Yield Makes 8 servings


  • 1/2 cup olive oil
  • 6 garlic cloves, minced
  • 32 large fresh shrimp, peeled and deveined
  • 1/4 teaspoon kosher salt
  • 1/4 teaspoon freshly ground pepper
  • 4 peaches, halved
  • 2 tablespoons vegetable oil
  • 1/2 watermelon, cut into 8 wedges
  • 2 cups blueberries
  • 1/3 cup chopped fresh cilantro
  • Honey-Balsamic Dressing
  • Garnish: chopped fresh cilantro

How to Make It

  1. Combine olive oil and garlic in a large shallow dish. Add shrimp to dish; toss to coat.
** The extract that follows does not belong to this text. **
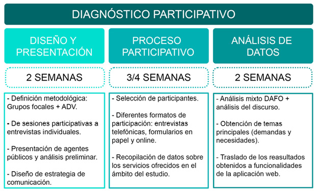 El proceso de ejecución del proyecto se ha dividido en 5 fases o actividades: 1. Gestión del proyecto: actividad transversal que garantiza el buen desarrollo del trabajo en equipo; 2. Diagnóstico de la situación actual: fase en la que se han identificado las necesidades en servicios y atención de la población del ámbito piloto; 3. Análisis de requisitos y especificaciones para el prototipo: para la definición de las funcionalidades y los requisitos técnicos de la aplicación web; 4. Desarrollo de la plataforma ARADOS, en la que se han realizado el diseño web y la interfaz de la aplicación3 ; 5. Testeo y validación: evaluación del funcionamiento técnico previa al lanzamiento de la plataforma.

Cover, and marinate in refrigerator up to 2 hours; remove shrimp, discarding marinade. Sprinkle shrimp with salt and pepper.

  2. Grill, covered with lid, over medium-high heat (350º to 400º) 2 minutes on each side.

  3. Brush peaches with vegetable oil. Grill, covered with lid, over medium-high heat (350º to 400º) until golden brown. Grill watermelon, covered with lid, just until grill marks form. Cut rind from watermelon. Chop watermelon and cut peaches into wedges; place in a large bowl. Add berries and cilantro; toss gently.

  4. Spoon fruit mixture onto serving plates. Top each serving with 4 shrimp, and drizzle with Honey-Balsamic Dressing. Garnish, if desired.